Data to examine section start

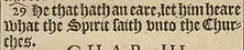 29 He that hath an eare, let him heare what the Spirit saith vnto the Churches.
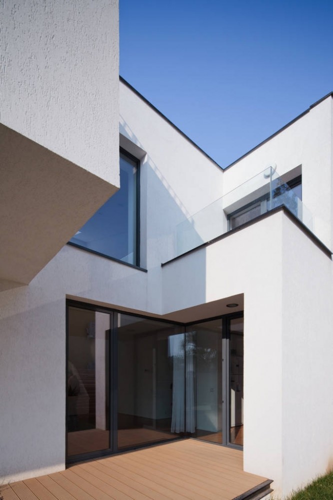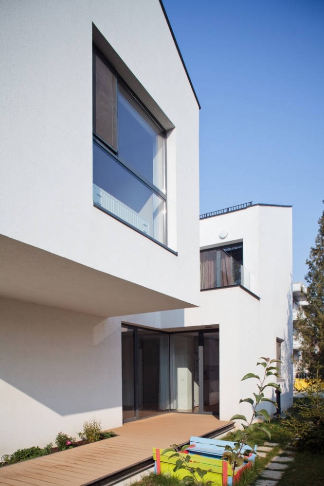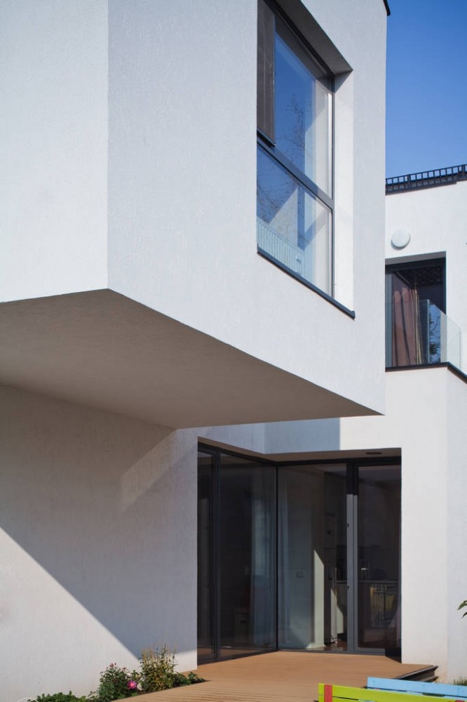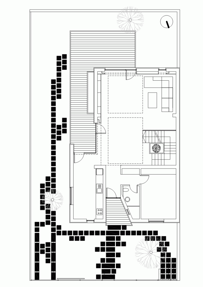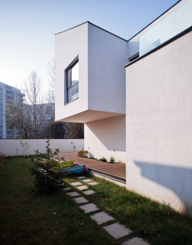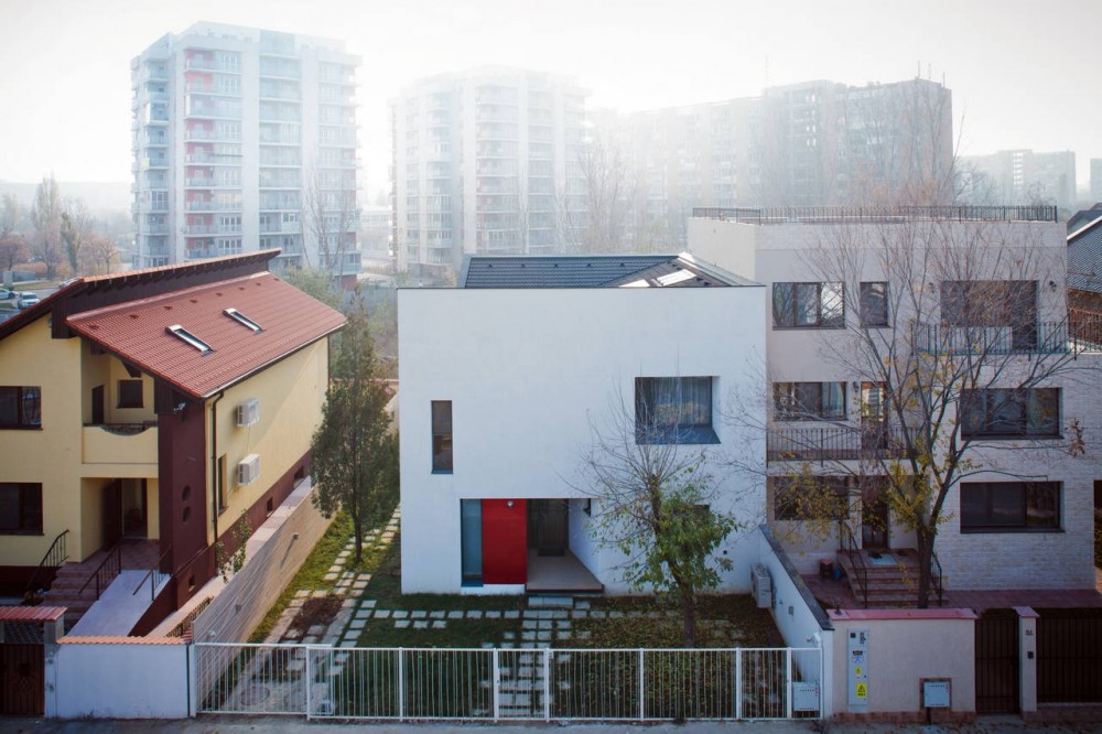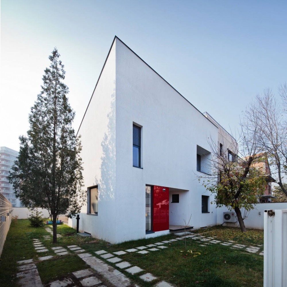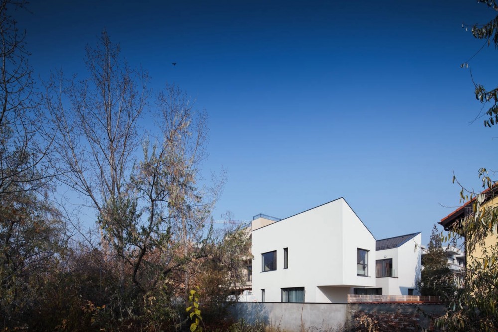 Arborii pastrati au determinat amplasarea casei pe teren fiind elemente de conditionare similare cu conditionarile de urbanism.Conform planului de urbanism se putea construi o casa cuplata la calcan pe latura de est. Impletind dorinta beneficiarului de a avea o sarpanta cu invelitoare de tigla si ideea de a avea o volumetric cu linii moderne, a condus la organizarea acoperisului in trei pante care se aduna spre interior, spre o zona ingusta cu jgheab ascuns. Aceasta solutie a multumit pe toata lumea si a creat in acelasi timp spatii generoase si spectaculoase in etaj unde tavanul interior a urmarit pantele acoperisului.
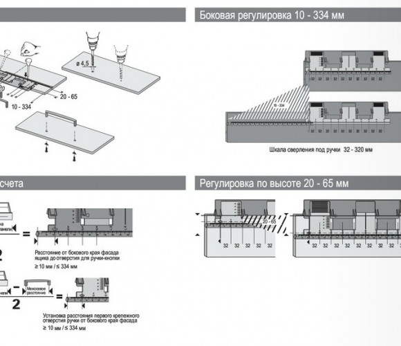 Регулировка расстояния от края передней панели ящика до первого отверстия для монтажа ручки - 10-334 мм
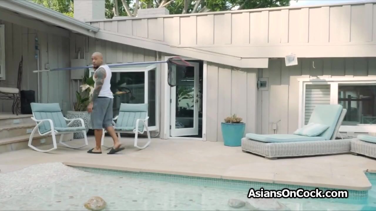 That pool guy is really hot and Alexia wants a piece of him. This Asian bikini babe is great at seducing random guys, no wonder.. she looks perfect!
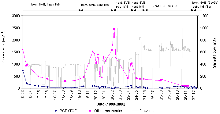 Koncentration og luftflow fra de i alt 5 SVE-filtre
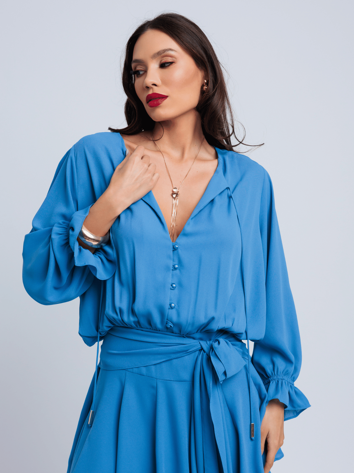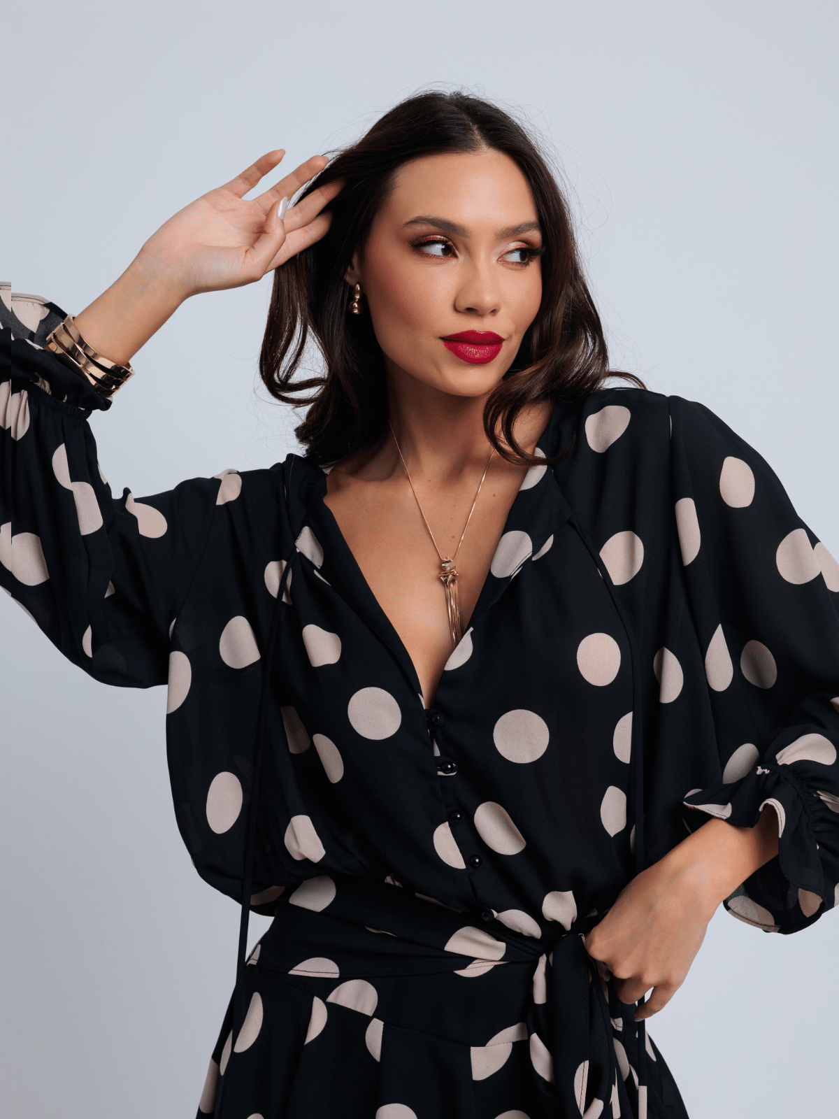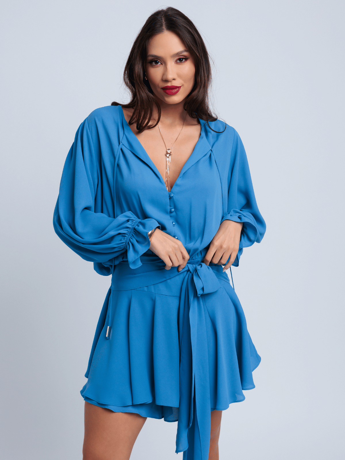 Confeccionado em crepe georgette superfluído, o modelo possui recortes e volumes estrategicamente trabalhados que valorizam a silhueta com leveza.
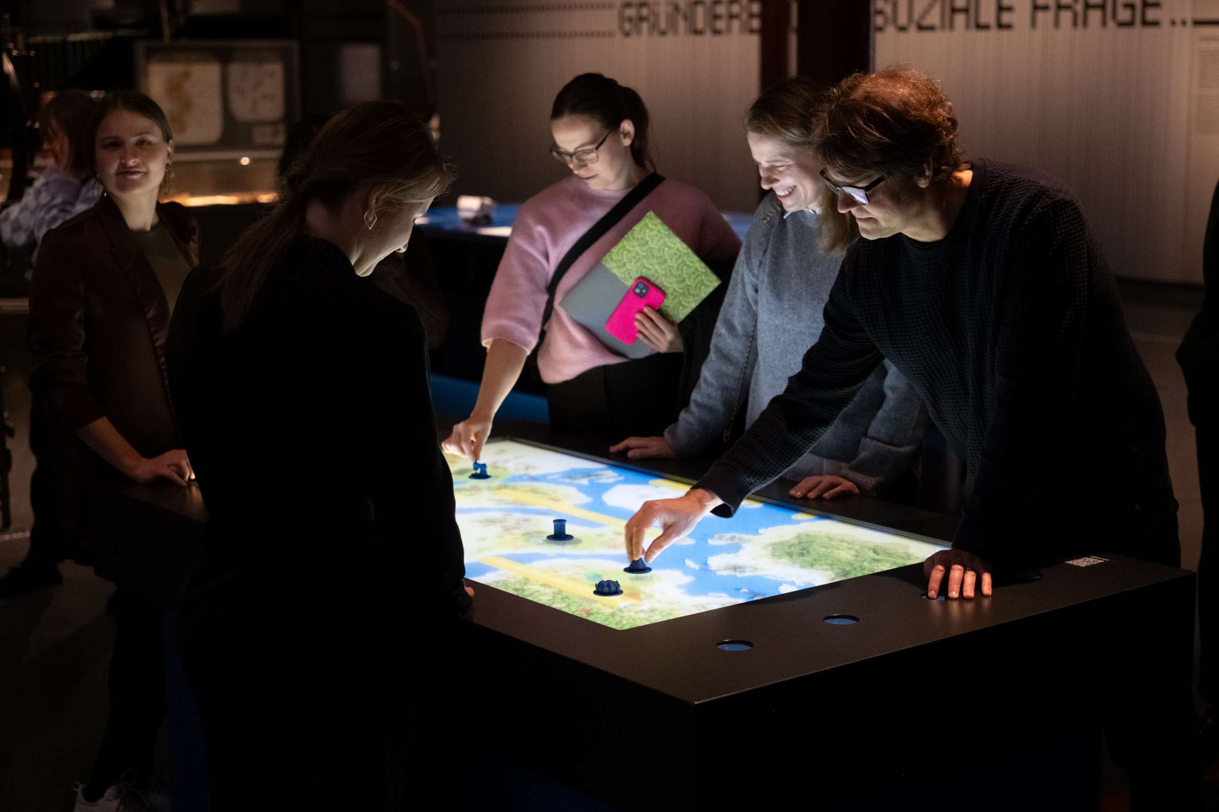 Beim digitalen Spieltisch „Shirt Quest“ im tim entscheiden allein die Spielerinnen und Spieler, welche Interessen sich letztlich durchsetzen. So entsteht ein dynamisches Spielerlebnis, das die Herausforderungen der globalen Textilindustrie verständlich und erfahrbar macht.

Data to examine section end

■ What you are asked to do: Return the lines above exactly; the images are not part of the copy.

■ Task solution:
 29 He that hath an eare, let him heare what the Spirit saith vnto the Churches.
 Arborii pastrati au determinat amplasarea casei pe teren fiind elemente de conditionare similare cu conditionarile de urbanism.Conform planului de urbanism se putea construi o casa cuplata la calcan pe latura de est. Impletind dorinta beneficiarului de a avea o sarpanta cu invelitoare de tigla si ideea de a avea o volumetric cu linii moderne, a condus la organizarea acoperisului in trei pante care se aduna spre interior, spre o zona ingusta cu jgheab ascuns. Aceasta solutie a multumit pe toata lumea si a creat in acelasi timp spatii generoase si spectaculoase in etaj unde tavanul interior a urmarit pantele acoperisului.
 Регулировка расстояния от края передней панели ящика до первого отверстия для монтажа ручки - 10-334 мм
 That pool guy is really hot and Alexia wants a piece of him. This Asian bikini babe is great at seducing random guys, no wonder.. she looks perfect!
 Koncentration og luftflow fra de i alt 5 SVE-filtre
 Confeccionado em crepe georgette superfluído, o modelo possui recortes e volumes estrategicamente trabalhados que valorizam a silhueta com leveza.
 Beim digitalen Spieltisch „Shirt Quest“ im tim entscheiden allein die Spielerinnen und Spieler, welche Interessen sich letztlich durchsetzen. So entsteht ein dynamisches Spielerlebnis, das die Herausforderungen der globalen Textilindustrie verständlich und erfahrbar macht.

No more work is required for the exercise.